[EXERCISE DIRECTIONS]
What is needed is the exact text of each line in the listing below from the one with "- Dimensões: 57,5 x 19 x 20 mm" up to and including the one with "You should see", and no pictures.

[PROVIDED RECORDS]
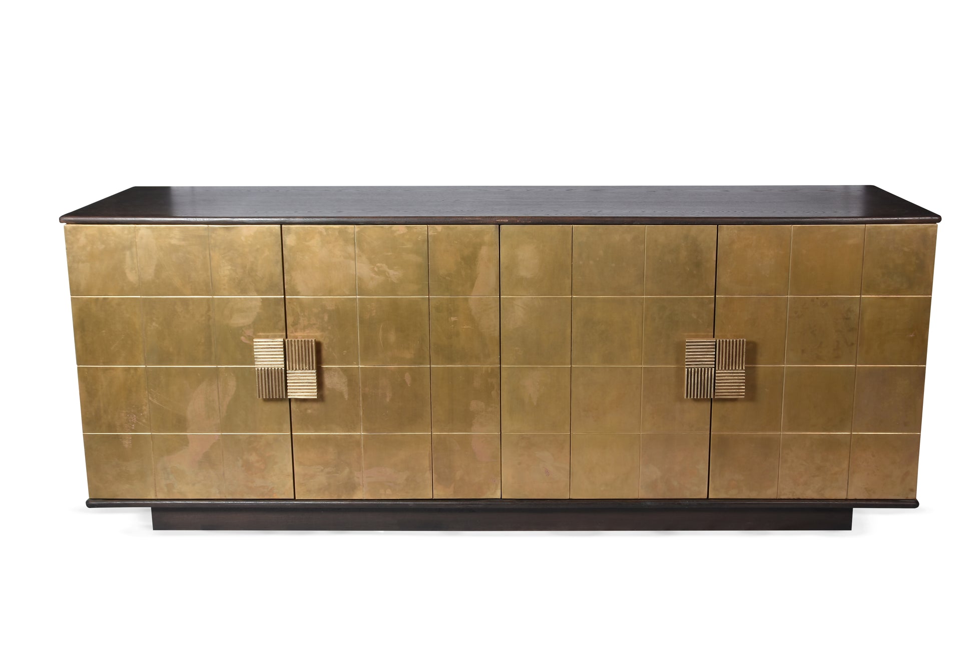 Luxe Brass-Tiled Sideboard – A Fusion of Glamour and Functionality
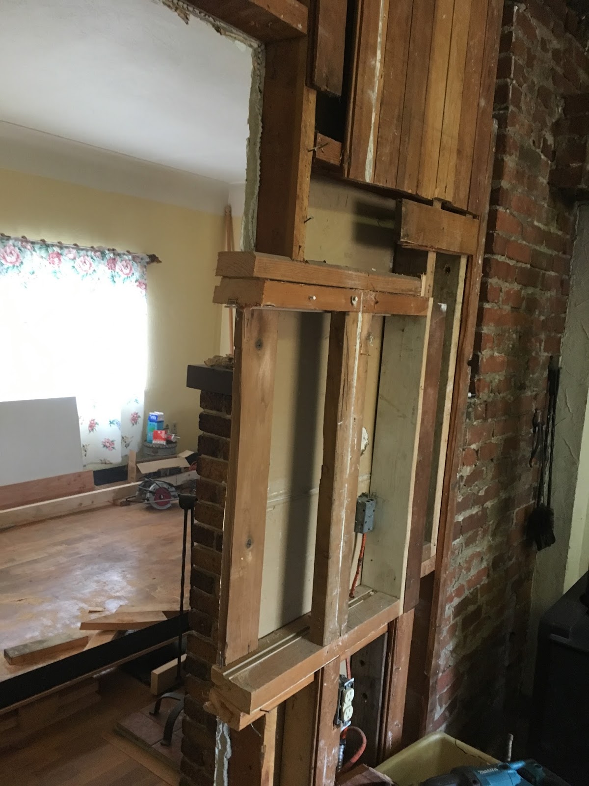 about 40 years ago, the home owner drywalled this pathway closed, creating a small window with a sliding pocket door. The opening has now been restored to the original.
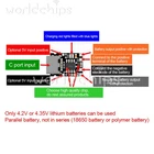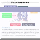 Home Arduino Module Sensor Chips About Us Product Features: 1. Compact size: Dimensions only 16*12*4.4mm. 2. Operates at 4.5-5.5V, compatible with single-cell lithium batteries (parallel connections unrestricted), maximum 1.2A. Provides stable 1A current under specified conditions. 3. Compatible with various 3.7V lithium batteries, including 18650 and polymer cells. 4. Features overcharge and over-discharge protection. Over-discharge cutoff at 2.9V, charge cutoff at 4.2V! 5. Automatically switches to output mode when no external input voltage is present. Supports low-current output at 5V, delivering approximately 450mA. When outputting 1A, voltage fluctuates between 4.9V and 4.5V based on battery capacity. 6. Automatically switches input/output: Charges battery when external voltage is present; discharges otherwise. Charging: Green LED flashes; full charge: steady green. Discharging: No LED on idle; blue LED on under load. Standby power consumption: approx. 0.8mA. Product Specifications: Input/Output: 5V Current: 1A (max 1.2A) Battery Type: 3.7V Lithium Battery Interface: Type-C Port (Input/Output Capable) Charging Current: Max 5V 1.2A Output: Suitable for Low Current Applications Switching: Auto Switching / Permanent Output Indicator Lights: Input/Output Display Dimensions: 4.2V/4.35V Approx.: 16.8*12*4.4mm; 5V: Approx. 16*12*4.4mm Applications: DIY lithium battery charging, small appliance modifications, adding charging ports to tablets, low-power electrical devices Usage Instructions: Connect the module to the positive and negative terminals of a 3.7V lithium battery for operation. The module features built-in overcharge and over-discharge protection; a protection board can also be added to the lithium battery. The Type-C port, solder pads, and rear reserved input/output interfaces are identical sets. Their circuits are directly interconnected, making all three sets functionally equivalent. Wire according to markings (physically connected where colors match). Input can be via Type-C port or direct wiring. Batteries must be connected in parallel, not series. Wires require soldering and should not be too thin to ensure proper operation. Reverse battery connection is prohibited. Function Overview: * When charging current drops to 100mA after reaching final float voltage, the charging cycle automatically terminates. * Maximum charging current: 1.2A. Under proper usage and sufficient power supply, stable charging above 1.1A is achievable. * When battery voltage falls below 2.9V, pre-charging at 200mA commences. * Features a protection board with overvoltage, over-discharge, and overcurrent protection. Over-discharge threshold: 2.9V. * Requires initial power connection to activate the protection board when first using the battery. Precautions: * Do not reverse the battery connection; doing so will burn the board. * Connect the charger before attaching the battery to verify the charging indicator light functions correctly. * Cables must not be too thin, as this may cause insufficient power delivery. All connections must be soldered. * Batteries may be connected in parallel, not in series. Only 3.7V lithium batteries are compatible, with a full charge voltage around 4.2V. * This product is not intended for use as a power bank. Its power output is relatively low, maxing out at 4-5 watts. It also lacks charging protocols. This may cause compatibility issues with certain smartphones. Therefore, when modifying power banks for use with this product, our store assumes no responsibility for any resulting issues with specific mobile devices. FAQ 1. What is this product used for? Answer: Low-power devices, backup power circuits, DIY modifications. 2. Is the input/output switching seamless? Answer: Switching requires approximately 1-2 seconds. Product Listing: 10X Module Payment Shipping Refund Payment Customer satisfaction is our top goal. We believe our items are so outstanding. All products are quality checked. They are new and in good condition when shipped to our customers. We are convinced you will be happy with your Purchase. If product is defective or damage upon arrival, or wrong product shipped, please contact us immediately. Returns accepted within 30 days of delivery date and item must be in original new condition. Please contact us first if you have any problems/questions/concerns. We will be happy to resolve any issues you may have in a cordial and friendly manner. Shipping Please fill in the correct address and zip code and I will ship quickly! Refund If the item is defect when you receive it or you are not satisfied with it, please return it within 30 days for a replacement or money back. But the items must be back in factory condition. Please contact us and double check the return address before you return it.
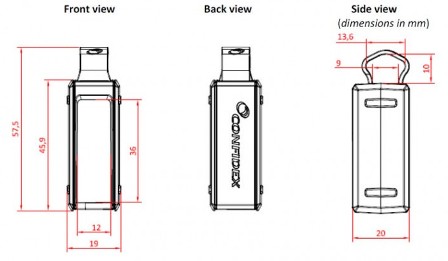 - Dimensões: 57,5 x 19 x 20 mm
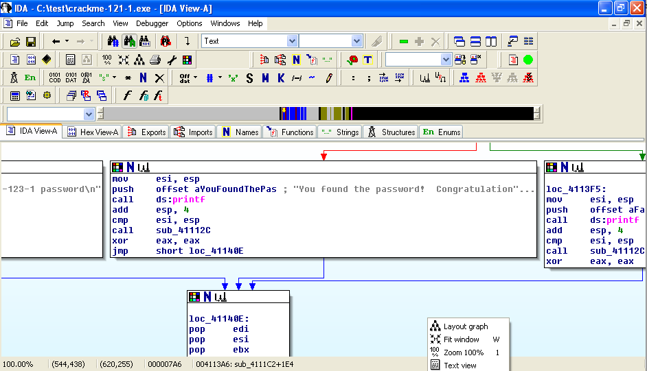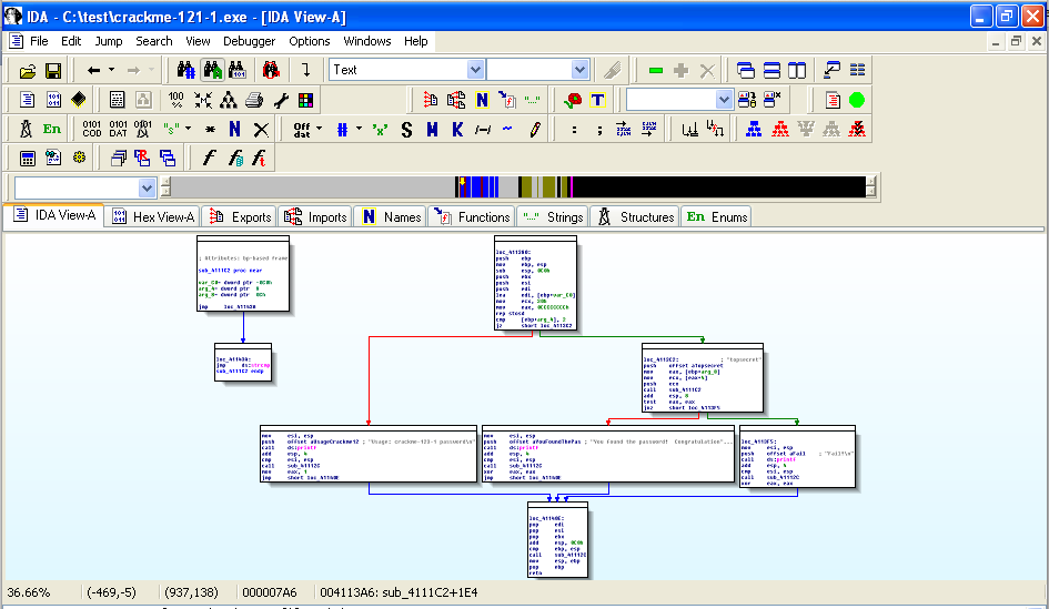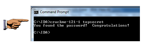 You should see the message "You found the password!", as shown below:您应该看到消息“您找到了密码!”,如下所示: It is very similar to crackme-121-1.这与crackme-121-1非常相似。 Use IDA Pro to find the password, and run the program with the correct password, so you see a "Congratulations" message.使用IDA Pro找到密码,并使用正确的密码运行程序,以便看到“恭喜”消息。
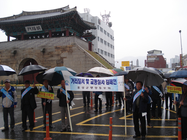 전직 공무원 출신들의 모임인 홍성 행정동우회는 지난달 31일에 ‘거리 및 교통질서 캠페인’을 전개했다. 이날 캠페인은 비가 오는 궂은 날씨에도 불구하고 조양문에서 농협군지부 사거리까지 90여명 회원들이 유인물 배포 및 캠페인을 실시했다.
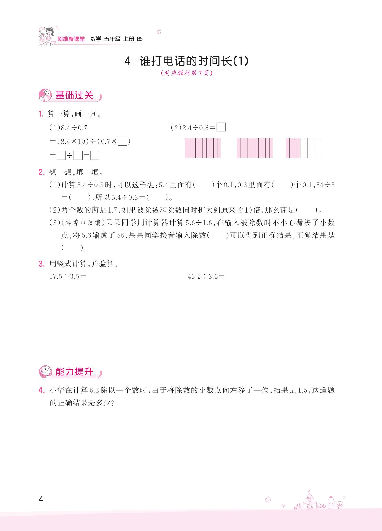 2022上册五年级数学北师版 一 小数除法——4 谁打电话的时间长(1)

[SOLUTION TO THIS EXERCISE]
 - Dimensões: 57,5 x 19 x 20 mm
 You should see the message "You found the password!", as shown below:您应该看到消息“您找到了密码!”,如下所示: It is very similar to crackme-121-1.这与crackme-121-1非常相似。 Use IDA Pro to find the password, and run the program with the correct password, so you see a "Congratulations" message.使用IDA Pro找到密码,并使用正确的密码运行程序,以便看到“恭喜”消息。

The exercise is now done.